* Task goal:
Each line of the data below should be restated exactly, with images left out.

── Dataset extract ──

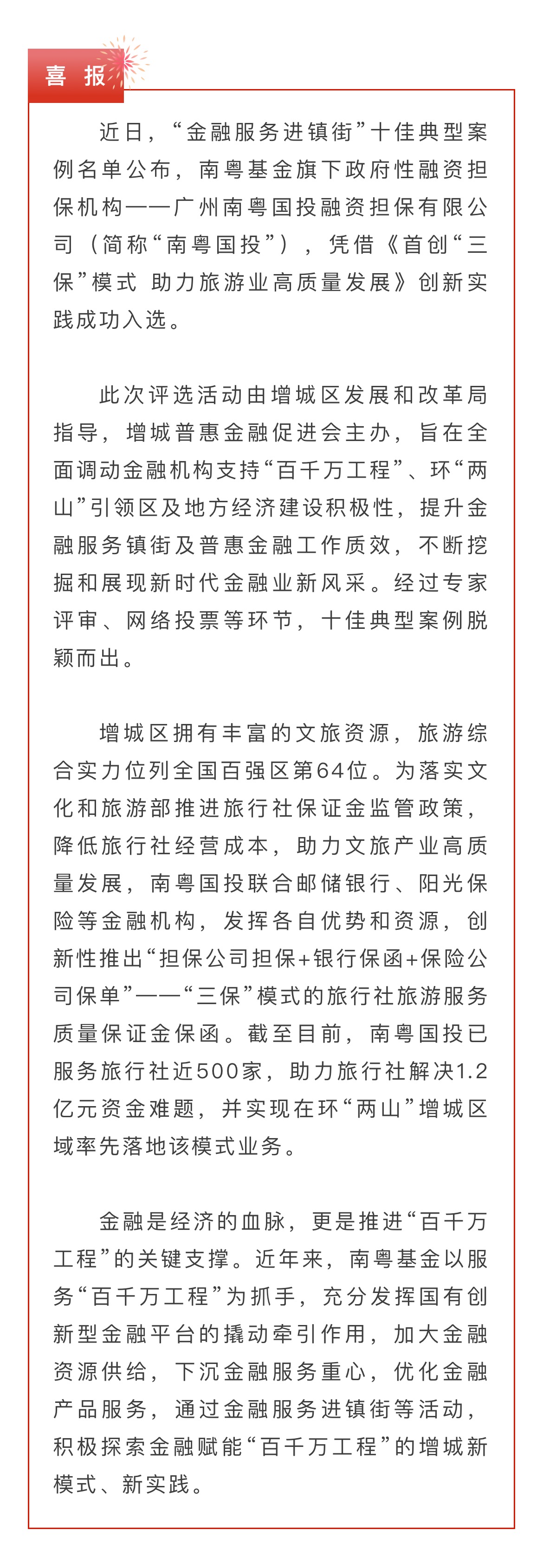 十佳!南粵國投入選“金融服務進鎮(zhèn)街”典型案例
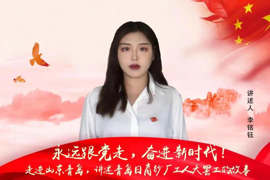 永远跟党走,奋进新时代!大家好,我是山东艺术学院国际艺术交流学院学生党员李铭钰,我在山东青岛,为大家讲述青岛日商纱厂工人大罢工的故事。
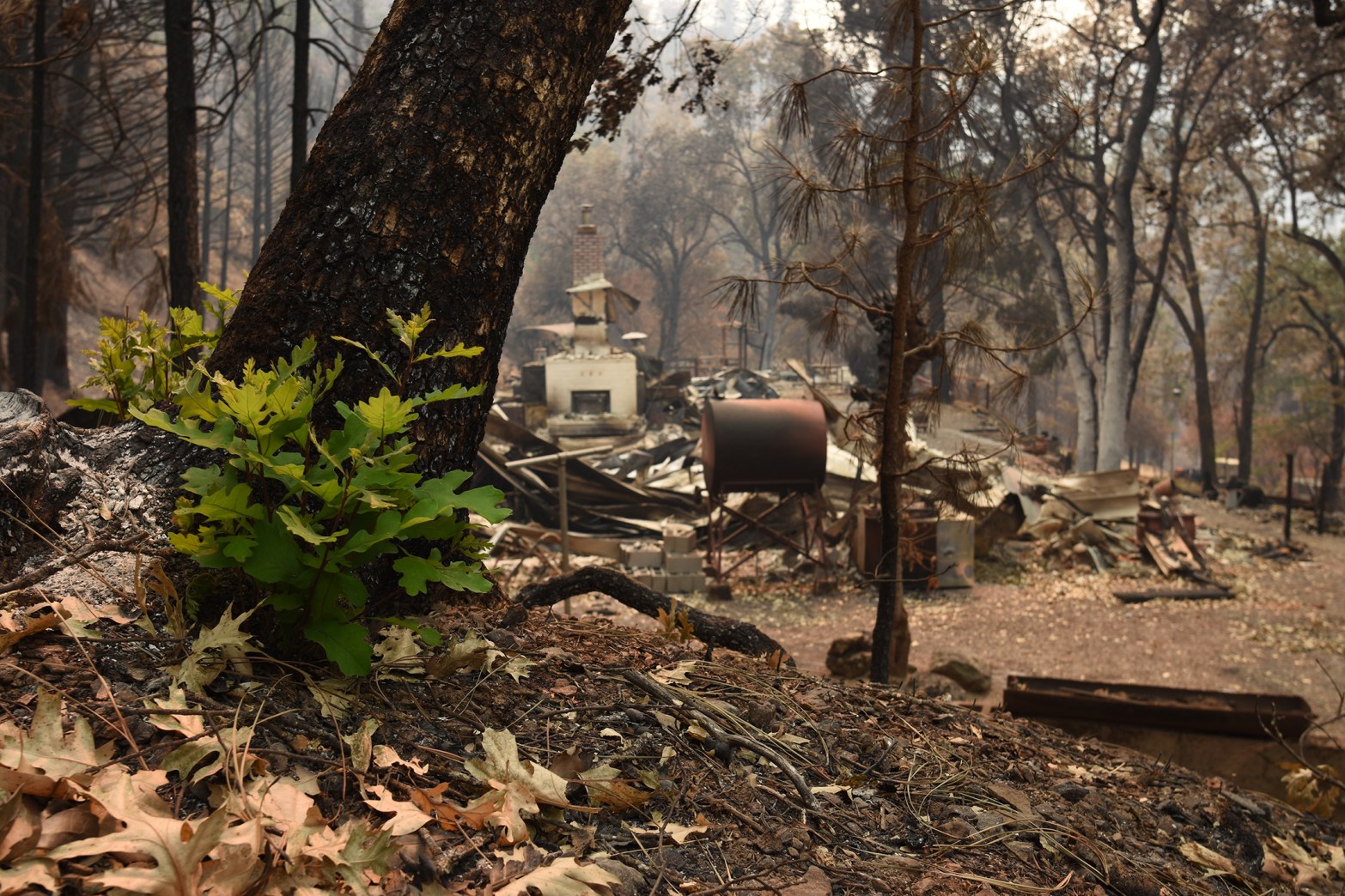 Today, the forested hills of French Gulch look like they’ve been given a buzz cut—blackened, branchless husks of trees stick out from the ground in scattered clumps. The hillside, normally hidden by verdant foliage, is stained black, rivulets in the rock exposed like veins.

───

* Your response:
 十佳!南粵國投入選“金融服務進鎮(zhèn)街”典型案例
 永远跟党走,奋进新时代!大家好,我是山东艺术学院国际艺术交流学院学生党员李铭钰,我在山东青岛,为大家讲述青岛日商纱厂工人大罢工的故事。
 Today, the forested hills of French Gulch look like they’ve been given a buzz cut—blackened, branchless husks of trees stick out from the ground in scattered clumps. The hillside, normally hidden by verdant foliage, is stained black, rivulets in the rock exposed like veins.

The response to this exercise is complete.